* About this task
Copy out exactly, and only, the lines from the one containing "Сам проект постанови" through the end of the entries. No pictures.

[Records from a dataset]

——

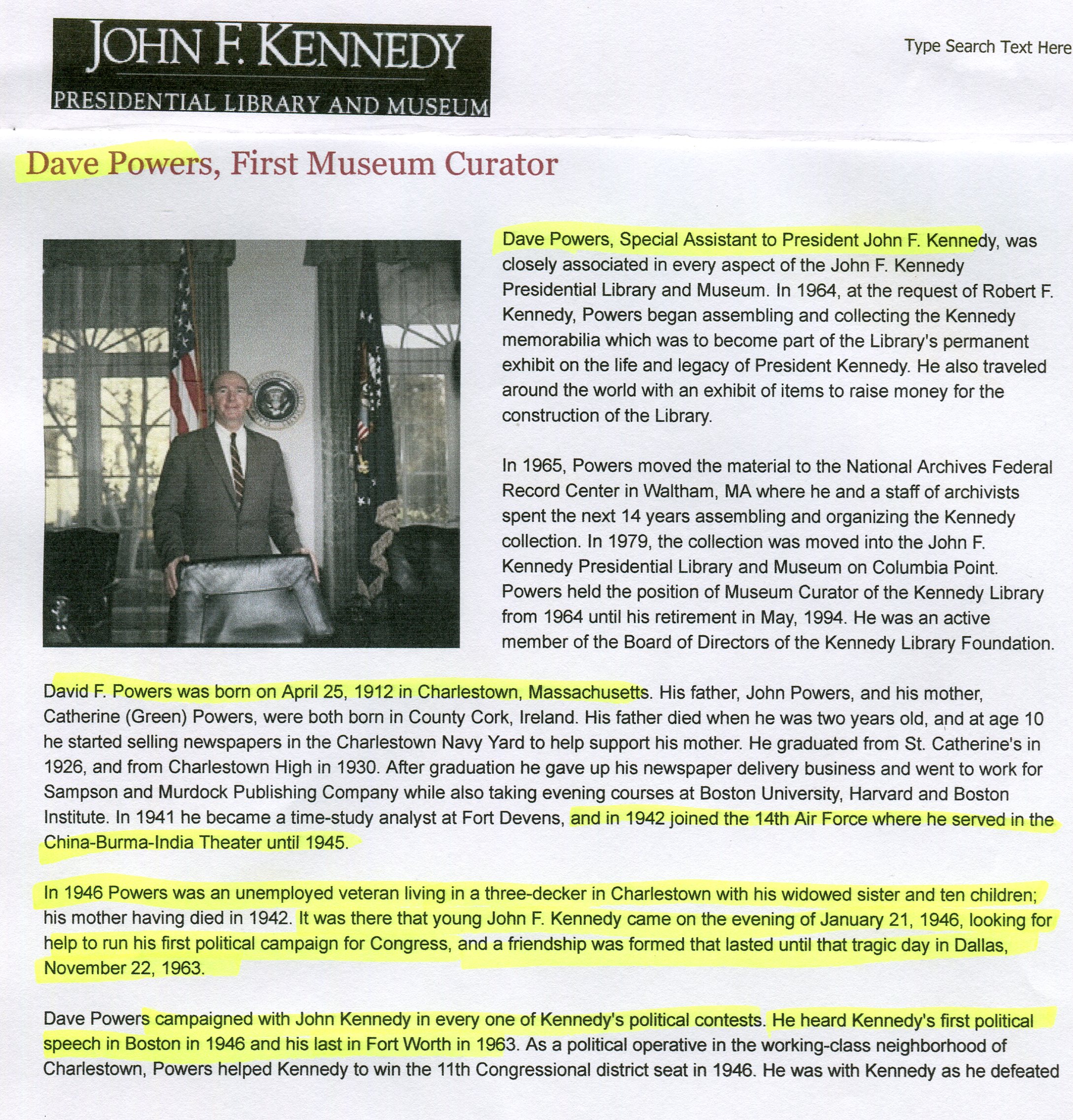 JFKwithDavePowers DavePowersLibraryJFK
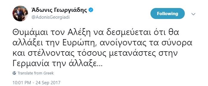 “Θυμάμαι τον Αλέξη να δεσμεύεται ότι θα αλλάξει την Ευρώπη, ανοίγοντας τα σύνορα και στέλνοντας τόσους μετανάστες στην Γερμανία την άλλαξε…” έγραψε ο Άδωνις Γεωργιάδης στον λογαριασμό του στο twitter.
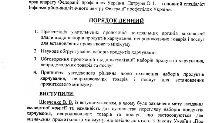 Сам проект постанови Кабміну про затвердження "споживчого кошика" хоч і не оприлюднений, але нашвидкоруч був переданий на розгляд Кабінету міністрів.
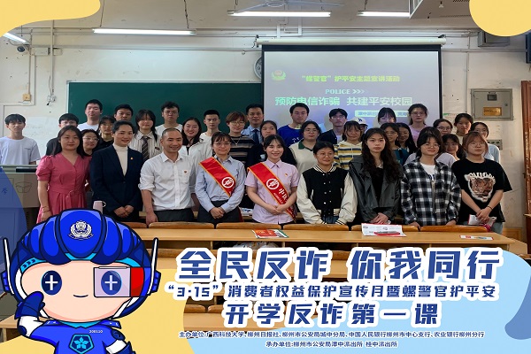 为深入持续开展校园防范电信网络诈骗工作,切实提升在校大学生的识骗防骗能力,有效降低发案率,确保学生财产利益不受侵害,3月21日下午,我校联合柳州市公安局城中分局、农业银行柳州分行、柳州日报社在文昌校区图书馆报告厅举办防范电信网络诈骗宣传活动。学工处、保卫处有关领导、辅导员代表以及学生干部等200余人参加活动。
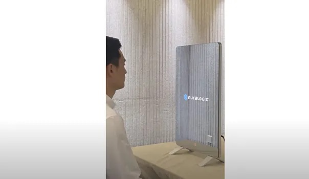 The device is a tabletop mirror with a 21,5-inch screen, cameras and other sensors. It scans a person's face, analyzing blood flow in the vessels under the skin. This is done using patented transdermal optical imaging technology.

——

* Task response
 Сам проект постанови Кабміну про затвердження "споживчого кошика" хоч і не оприлюднений, але нашвидкоруч був переданий на розгляд Кабінету міністрів.
 为深入持续开展校园防范电信网络诈骗工作,切实提升在校大学生的识骗防骗能力,有效降低发案率,确保学生财产利益不受侵害,3月21日下午,我校联合柳州市公安局城中分局、农业银行柳州分行、柳州日报社在文昌校区图书馆报告厅举办防范电信网络诈骗宣传活动。学工处、保卫处有关领导、辅导员代表以及学生干部等200余人参加活动。
 The device is a tabletop mirror with a 21,5-inch screen, cameras and other sensors. It scans a person's face, analyzing blood flow in the vessels under the skin. This is done using patented transdermal optical imaging technology.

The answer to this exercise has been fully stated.